Below are the entries. Print only the lines starting at the one with "Tapetti Tyrmäysmarjan oksat" and ending at the one with "自11月23日傍晚开始,焦作", exactly, with no pictures.

- [THE DATA]:
-------

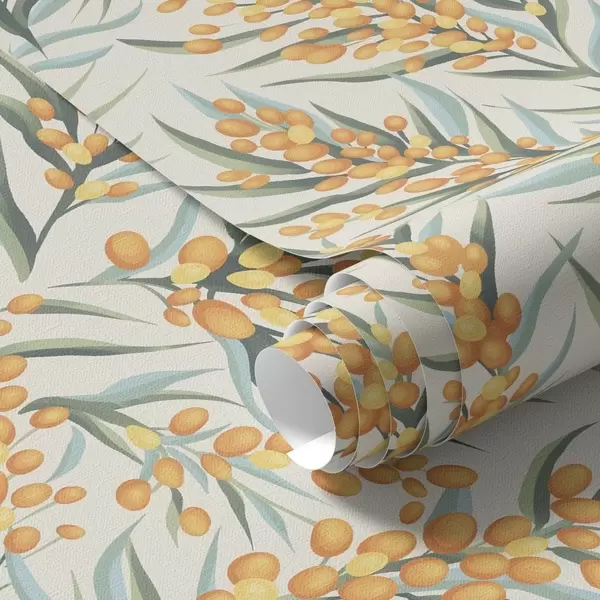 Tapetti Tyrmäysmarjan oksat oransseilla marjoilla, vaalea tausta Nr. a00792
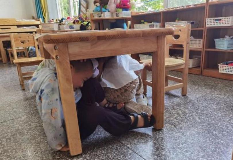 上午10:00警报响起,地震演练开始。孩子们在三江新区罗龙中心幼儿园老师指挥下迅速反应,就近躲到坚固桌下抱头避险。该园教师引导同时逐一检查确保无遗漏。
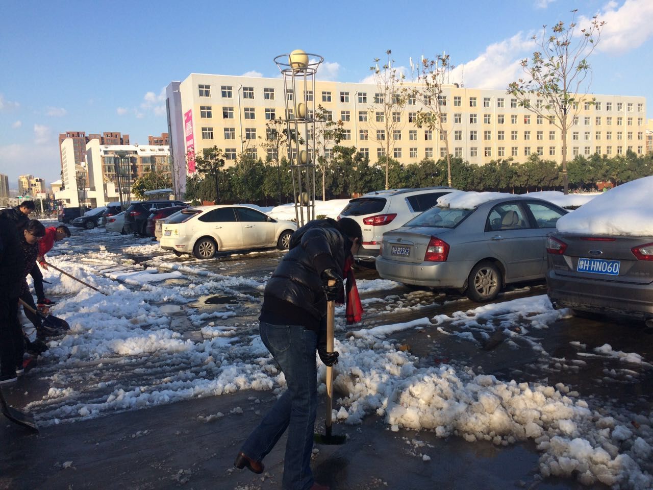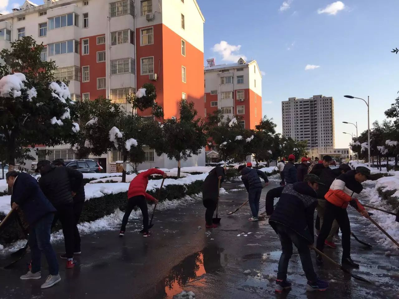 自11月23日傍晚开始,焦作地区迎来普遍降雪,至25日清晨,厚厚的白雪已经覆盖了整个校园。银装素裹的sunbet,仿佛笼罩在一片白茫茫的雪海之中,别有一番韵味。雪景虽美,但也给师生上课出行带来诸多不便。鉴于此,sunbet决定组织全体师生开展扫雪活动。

-------

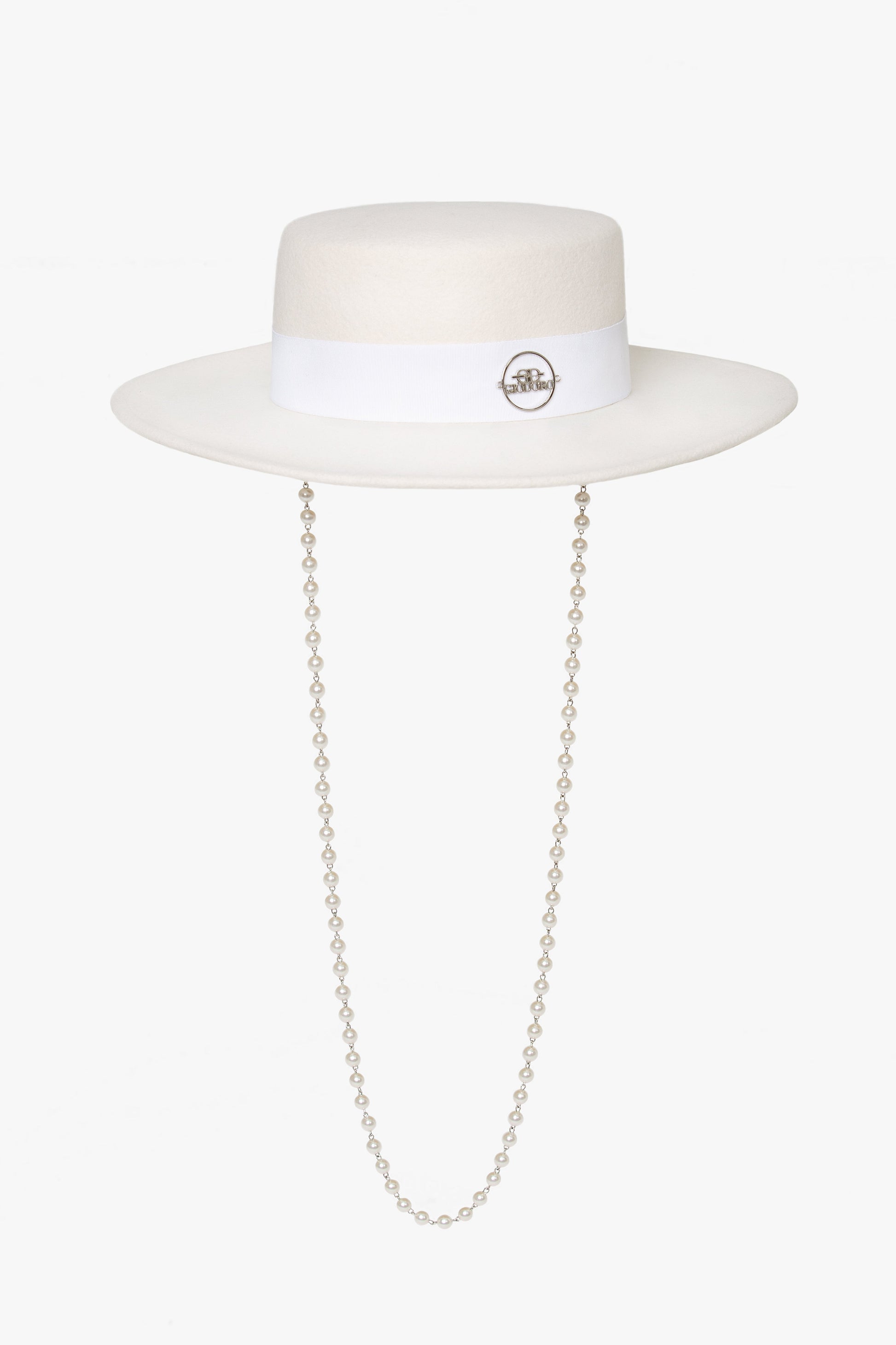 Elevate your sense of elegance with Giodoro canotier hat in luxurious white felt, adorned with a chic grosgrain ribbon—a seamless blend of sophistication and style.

-------

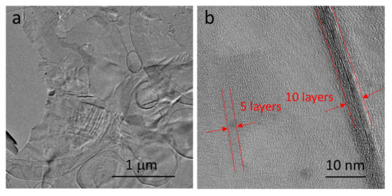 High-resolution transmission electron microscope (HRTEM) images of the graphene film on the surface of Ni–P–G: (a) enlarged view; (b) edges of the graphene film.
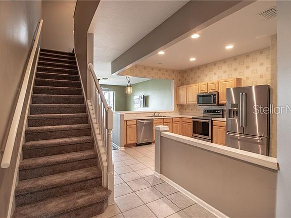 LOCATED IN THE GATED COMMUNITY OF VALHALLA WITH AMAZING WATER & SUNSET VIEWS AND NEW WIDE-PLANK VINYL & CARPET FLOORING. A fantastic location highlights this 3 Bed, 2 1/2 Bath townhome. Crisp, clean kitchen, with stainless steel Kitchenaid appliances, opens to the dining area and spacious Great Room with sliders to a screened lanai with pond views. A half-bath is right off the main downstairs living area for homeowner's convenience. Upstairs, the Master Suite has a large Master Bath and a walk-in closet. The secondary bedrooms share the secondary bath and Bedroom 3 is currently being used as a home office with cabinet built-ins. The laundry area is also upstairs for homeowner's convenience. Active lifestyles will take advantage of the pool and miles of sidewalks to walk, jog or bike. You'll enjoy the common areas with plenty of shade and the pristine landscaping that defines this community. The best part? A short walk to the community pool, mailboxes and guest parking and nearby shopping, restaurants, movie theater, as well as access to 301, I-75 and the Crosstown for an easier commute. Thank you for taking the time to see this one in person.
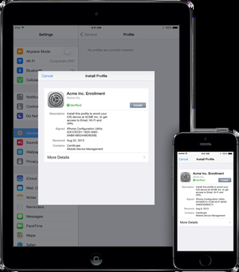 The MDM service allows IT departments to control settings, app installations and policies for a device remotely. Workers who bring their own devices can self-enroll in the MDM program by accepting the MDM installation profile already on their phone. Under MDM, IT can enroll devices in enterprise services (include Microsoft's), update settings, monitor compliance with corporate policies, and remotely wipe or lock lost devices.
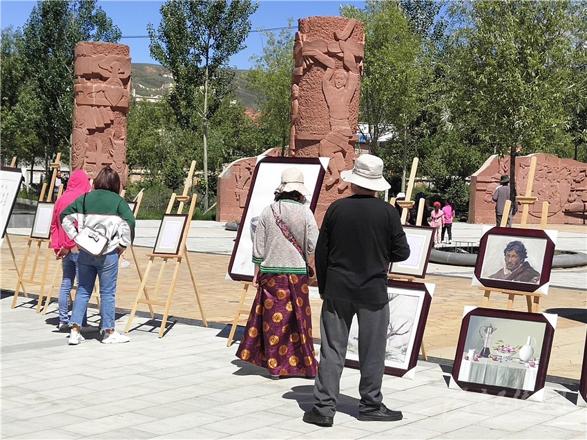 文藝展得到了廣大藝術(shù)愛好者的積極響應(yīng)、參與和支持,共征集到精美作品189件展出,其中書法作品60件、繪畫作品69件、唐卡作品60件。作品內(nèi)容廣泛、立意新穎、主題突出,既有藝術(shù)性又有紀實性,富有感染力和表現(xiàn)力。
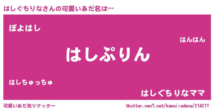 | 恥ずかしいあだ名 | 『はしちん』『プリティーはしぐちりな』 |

-------

- [WRITTEN RESPONSE]:
 Tapetti Tyrmäysmarjan oksat oransseilla marjoilla, vaalea tausta Nr. a00792
 上午10:00警报响起,地震演练开始。孩子们在三江新区罗龙中心幼儿园老师指挥下迅速反应,就近躲到坚固桌下抱头避险。该园教师引导同时逐一检查确保无遗漏。
 自11月23日傍晚开始,焦作地区迎来普遍降雪,至25日清晨,厚厚的白雪已经覆盖了整个校园。银装素裹的sunbet,仿佛笼罩在一片白茫茫的雪海之中,别有一番韵味。雪景虽美,但也给师生上课出行带来诸多不便。鉴于此,sunbet决定组织全体师生开展扫雪活动。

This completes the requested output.